Les autorités pointées du doigt
Lors d’un discours le 7 janvier, Kassym-Jomart Tokaïev a annoncé qu’il avait donné l’ordre de tirer sans sommation aux forces de sécurité. Au cours de la semaine, la rhétorique du président s’est progressivement durcie. Ainsi, lors de son discours dans un fil Twitter traduit ultérieurement en anglais, il a entretenu l’image d’un ennemi « terroriste et bandit » venant de l’intérieur et de l’extérieur du pays.
Le 8 janvier, le représentant spécial du président pour la coopération internationale a donné une image très nette de la présentation officielle des événements dans une déclaration vidéo en anglais. Selon lui, des manifestations initialement pacifiques ont été détournées par « des groupes terroristes locaux et étrangers parlant des langues étrangères ». Il a également accusé les médias de présenter les événements de manière trompeuse. « Les informations diffusées cette semaine par les médias internationaux laissent aux lecteurs la fausse impression que le gouvernement du Kazakhstan visait les manifestants pacifiques », a-t-il affirmé. Il n’y a toutefois guère de données plus précises sur l’identité exacte de ces « terroristes ».
Le chercheur Paolo Sorbello écrit par exemple sur Twitter qu’il a « interrogé plusieurs personnes au téléphone. Aucune preuve de ‘terroristes’ – tous sont juste effrayés et disent qu’ils ne peuvent pas communiquer ».
Des citoyens du Kirghizstan voisin, entre autres, ont été accusés de violence, malgré les nombreuses déclarations de solidarité de la société kirghize et les actions organisées pour aider les Kazakhs bloqués à Bichkek. Le 9 janvier, un incident diplomatique s’est produit lorsque la chaîne de télévision kazakhe Khabar24 a diffusé la vidéo d’un citoyen kirghiz avouant, face caméra, qu’il était venu au Kazakhstan pour participer aux pillages contre rémunération.

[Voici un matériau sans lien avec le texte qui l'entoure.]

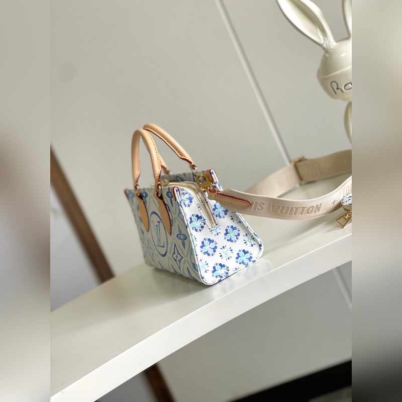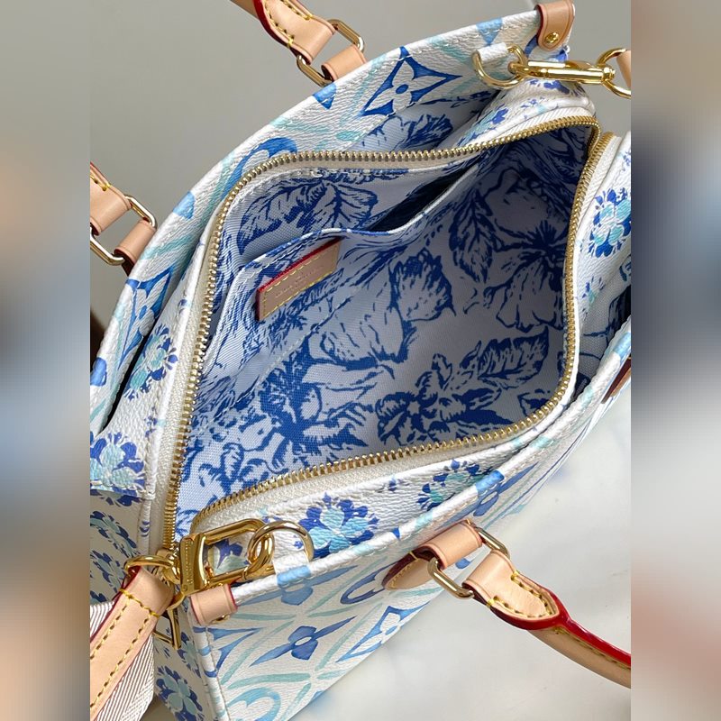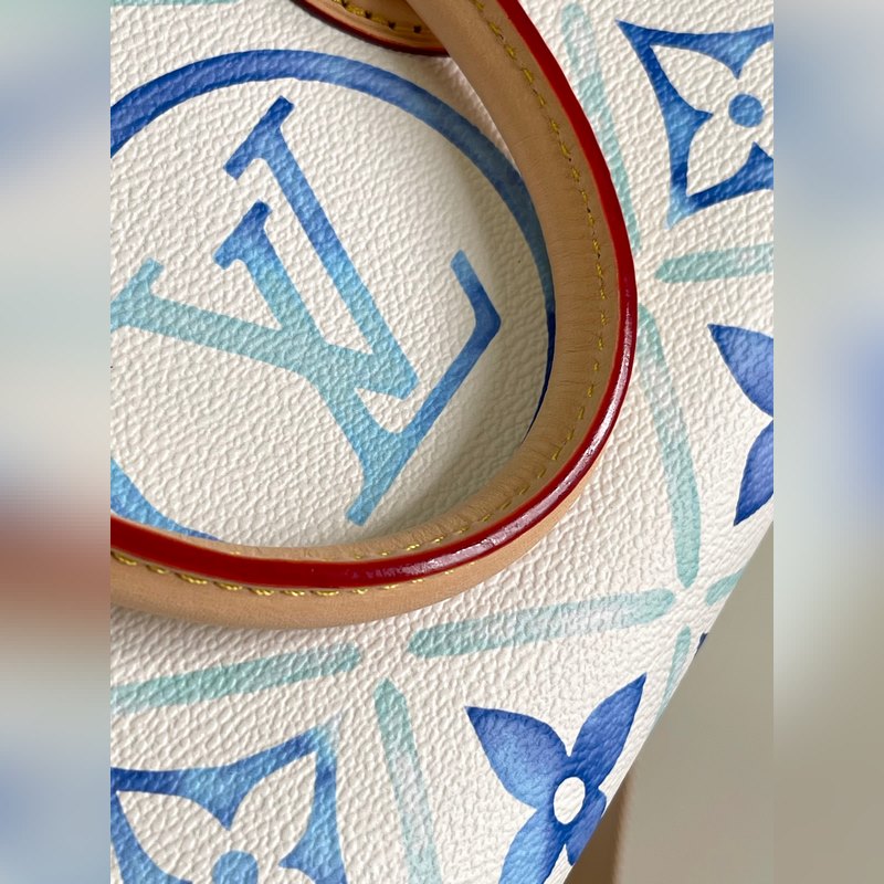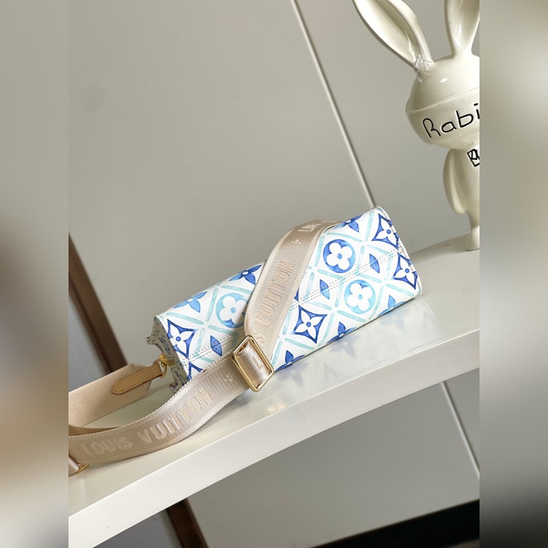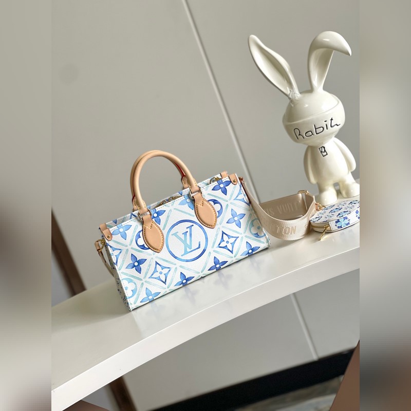 Haiyuan ulkomainen single real home shot M25318 sininen Tämä OnTheGo East West -käsilaukku on muodoltaan ainutlaatuinen ja valmistettu kankaasta. Se on yksi LV By The Ool -sarjan tähtituotteista. LV Circle ja Monogram Flowers käyttävät epäsäännöllisiä pastellisävyjä tuomaan mieleen kaukaiset rannikot. Leveän irrotettavan olkahihnan ansiosta tämä käsilaukku sopii useilla tavoilla yhteen.
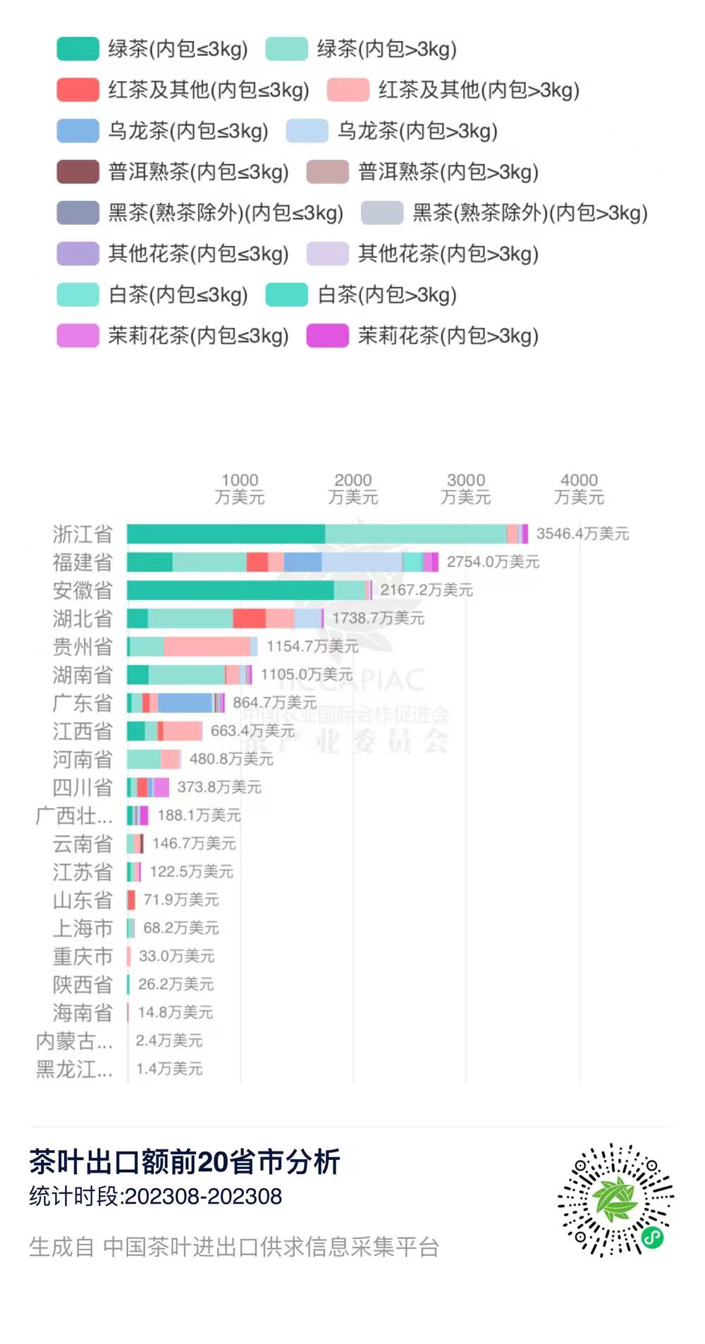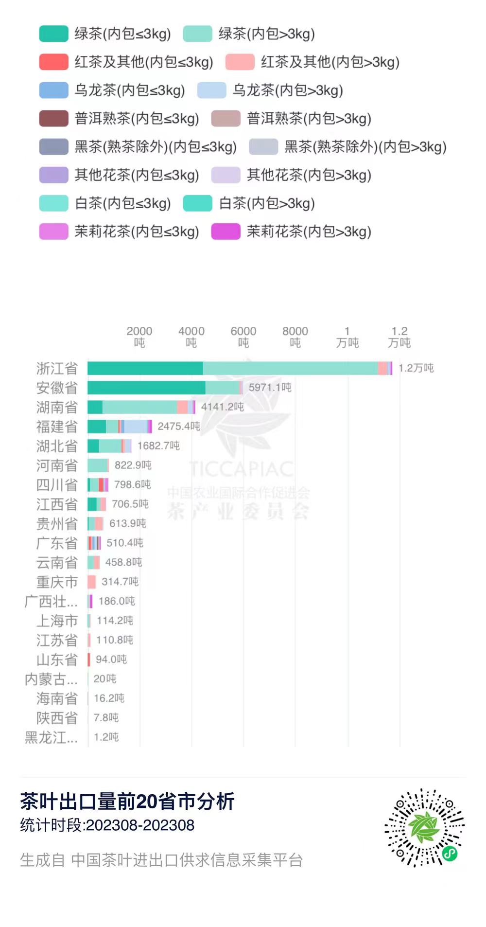 2023年8月中国茶叶出口量前20省市
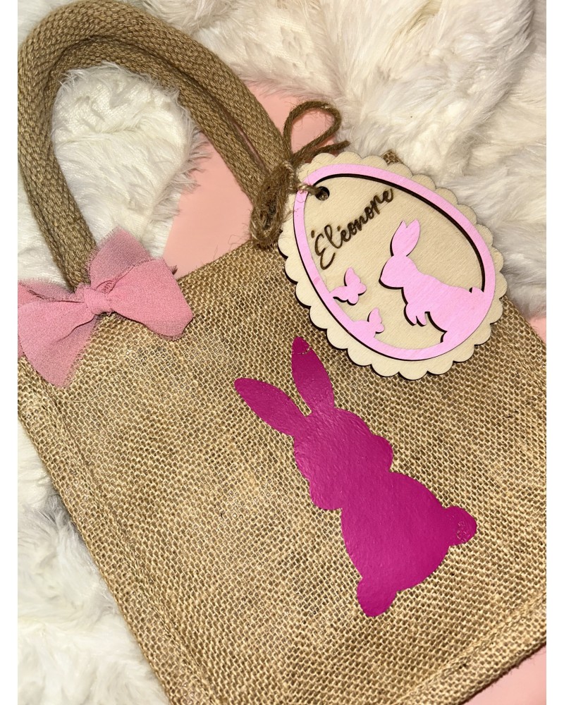 Craquez pour ce mini sac de Pâques personnalisé, idéal pour une chasse aux œufs réussie ! Avec sa jolie étiquette en bois gravée au prénom de l’enfant, il devient un souvenir unique à réutiliser chaque année.
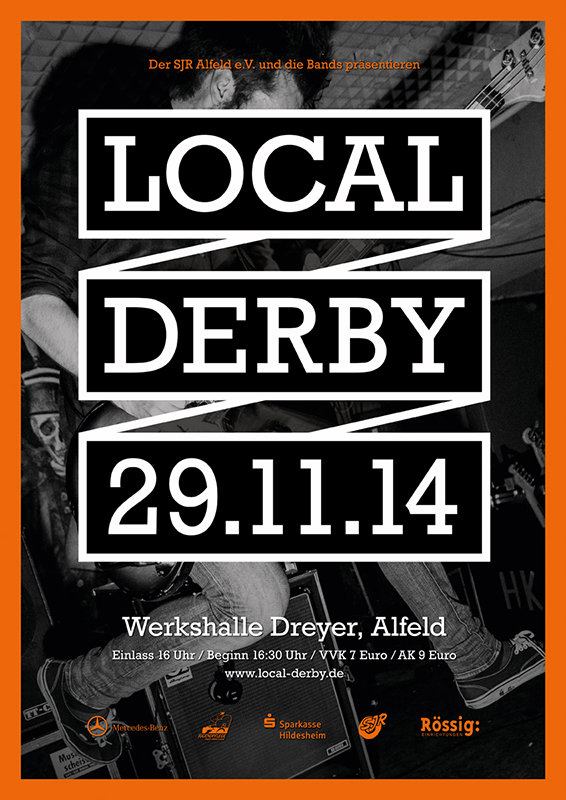 19 Jahre nach der Gründung ist das Local Derby längst zur Institution der lokalen Musikszene geworden. Was einst als Sommer-Open-Air im Garten des Jugendzentrums Treff begann, entwickelte sich im Laufe der Jahre immer weiter, erfand sich neu und ist auch anno 2014 nicht aus dem Alfelder Musikbetrieb wegzudenken. Seit jeher organisieren die Alfelder Bands – unterstützt durch SJR Alfeld e.V. und die Jugendpflege – dieses Festival. In diesem Jahr stehen acht Bands unterschiedlichster Genres auf der Bühne. Neben alten Bekannten und anerkannten Größen sind auch vier völlig neue Bands dabei.
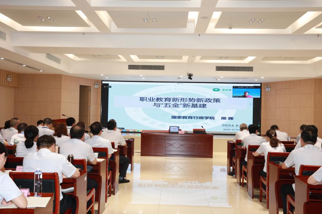 8月30-31日,我院2024年中层以上干部暑假集训在跳马校区协同创新中心一楼会议厅举行,期间,我院特邀国家教育行政学院研究员、教授邢晖作《职业教育新形势新政策与“五金新基建”》线上专题讲座,讲座由我院党委书记朱国军主持,中层以上干部70余人参加。
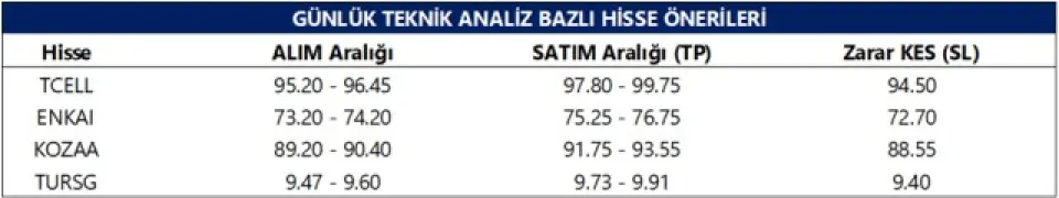 TCELL, ENKAI, KOZAA, TURSG Günün Hisseleri!
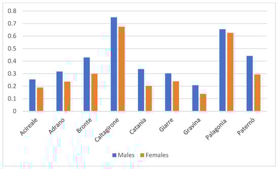 Males were consistently more represented than females in the disability population across all districts (overall: 56.7% males vs. 43.3% females), a pattern that contrasts with the general population of the province, where females are slightly more numerous (48.6% males vs. 51.4% females). When examining district-level patterns, the relative proportion of males with severe disability exceeded that of females in every district, ranging from 52–61% males and 39–48% females (Acireale 56/44%, Adrano 56/44%, Bronte 57/43%, Caltagirone 52/48%, Catania 61/39%, Giarre 55/45%, Gravina 58/42%, Palagonia 51/49%, Paternò 59/41%). Notably, this male predominance persists even in districts where the general population shows a more balanced sex distribution or a slight female majority. The comparison between absolute population data and disability-specific proportions therefore confirms that the male excess is not a reflection of district demographic structure but represents a true epidemiological over-representation of males within the severe-disability cohort (Figure 2).

Les internautes kirghiz ont rapidement reconnu en cet homme le célèbre musicien de jazz Vikram Roussakhounov, comme le rapporte le média kirghiz Kloop.kg. Il se serait rendu au Kazakhstan le 2 janvier pour un concert. Les services de sécurité kirghiz (GKNB) ont affirmé dans un communiqué que les citoyens du Kirghizstan n’avaient aucun lien avec les violences au Kazakhstan. Ils espèrent que « les autorités compétentes du Kazakhstan garantissent l’objectivité, étant donné que les citoyens kirghiz, dont la très grande majorité est active [au Kazakhstan] dans le secteur du commerce et des services, se trouvent par hasard dans la rue en raison des circonstances et peuvent être arrêtés ».
Différents groupes de manifestants
Plus largement et alors que le calme semble revenu dans la majorité des villes kazakhes, des analyses autour des manifestants commencent à être formulées. Dans une interview accordée à l’ONG britannique OpenDemocracy, Evgeni Jovtis, militant kazakh de longue date pour les droits de l’Homme, distingue quatre groupes impliqués dans les manifestations. Aux manifestants urbains pacifiques et aux groupes d’opposition existants se sont ajoutés de nombreuses personnes appauvries issues des périphéries urbaines.
« Cela a créé des tensions le long des lignes urbaines-rurales et s’est manifesté par la volonté de ce groupe de piller la ville », explique Evgeni Jovtis. « Le nombre de membres dans ce groupe se comptait par milliers, et Kassym-Jomart Tokaïev les a plus tard qualifiés de ‘terroristes et de bandits’, mais c’est loin d’être la vérité. Il s’agissait juste d’une foule comme celle que nous avons vue récemment dans les rues des États-Unis ou de la France », ajoute le militant. Le quatrième groupe représente, selon Evgeni Jovtis, la partie violente, mais qui elle-même « ne devrait en aucun cas être considérée comme unifiée ou organisée », et « se compose d’islamistes et d’éléments criminels infiltrés par des loyalistes des élites locales ».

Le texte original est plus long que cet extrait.